Most commonly found in prokaryotes, plasmids, pieces of genetic material that are normally extra-chromosomal (meaning they are not part of the cell's main genome) are also potential relics of these primordial replicators. Though similar to viruses in necessitating a host cell, plasmids became more intimately intertwined with theirs, undergoing a sort of "domestication" and sequestering additional genetic material, changing and diversifying as time went by. Some of the sequestered genes confer great advantages to their hosts, guaranteeing the survival and proliferation of both. Other plasmids, however, are not so useful, constituting a burden and qualifying as parasitic. Also like viruses, plasmids too can disseminate and they can do so in various ways: they can be transmitted from mother to daughter cell during division, they can be transferred between different mature cells when these enter in contact, they can end up in the environment and be absorbed by a nearby cell, and, finally, they can even be transported by viruses between cells! These last three ways, constituting forms of horizontal gene transfer, are especially important for prokaryotic organisms for granting them genetic variability, since they are unable to reproduce through sexual means (sexual reproduction will be further explored in this entry, as well as specific means of archaeal horizontal gene transfer). Apart from these two, viroids, infective organisms consisting only of circular pieces of RNA (with such pieces coming in different shapes, being straight or branched for instance), are more remnants of these primitive habitats still in the modern day, constituting important plant pathogens (they affect plants by producing other RNAs, which interfere with normal plant metabolism: the many influences of RNA in cell functioning are also mentioned here) and many are ribozymes, thus with enzymatic activity of their own.
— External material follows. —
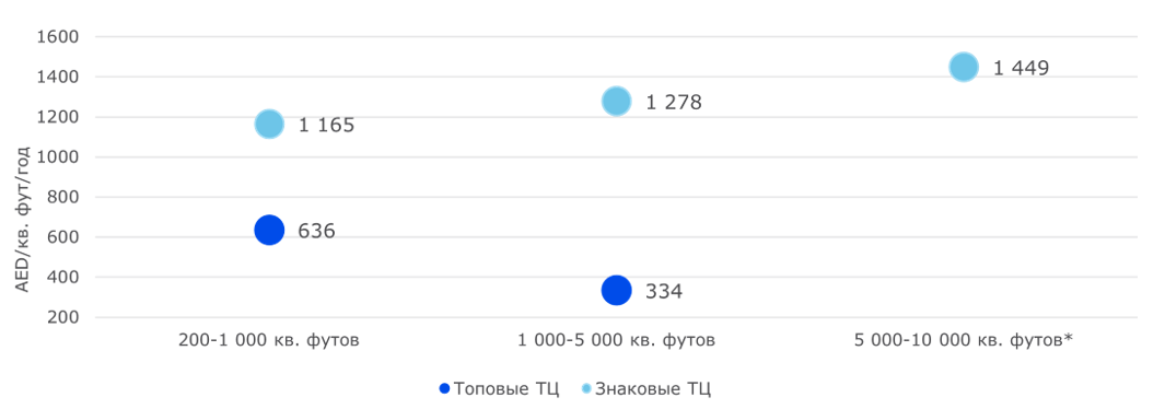 «Топовые» — Dubai Marina Mall, Dubai Hills Mall, Mirdif City Centre и Dubai Festival City Mall, крупные ТЦ с профессиональной концепцией, сбалансированным составом арендаторов и высокой долей наиболее популярных международных брендов.

More or less 3.5 billion years ago, a unique group of bacteria, cyanobacteria, developed, with the most basal extant lineages appearing around 2.7 billion years ago. These lifeforms made use of oxygenic photosynthesis, using sunlight to fix carbon and releasing oxygen in the process. Other organisms had already been utilizing photosynthesis but of the anoxygenic variety, way more widespread (encompassing several phyla within Bacteria) and which exploits a myriad of compounds as electron donors, ranging from sulfide to hydrogen, to other substrates, while all oxygenic photosynthesizers employ water (this may change as a product of environmental aspects). Besides this, anoxygenic photosynthetic bacteria are also diverse in the wavelengths of light they absorb, enabling them to niche partition, occupying the same space but not necessarily competing for the same resources (electromagnetic waves in this case). The oxygenic photosynthesizers probably only lived in freshwater at first, where there was a lack of electron donors other than water itself, while the anoxygenic ones likely monopolized marine environments.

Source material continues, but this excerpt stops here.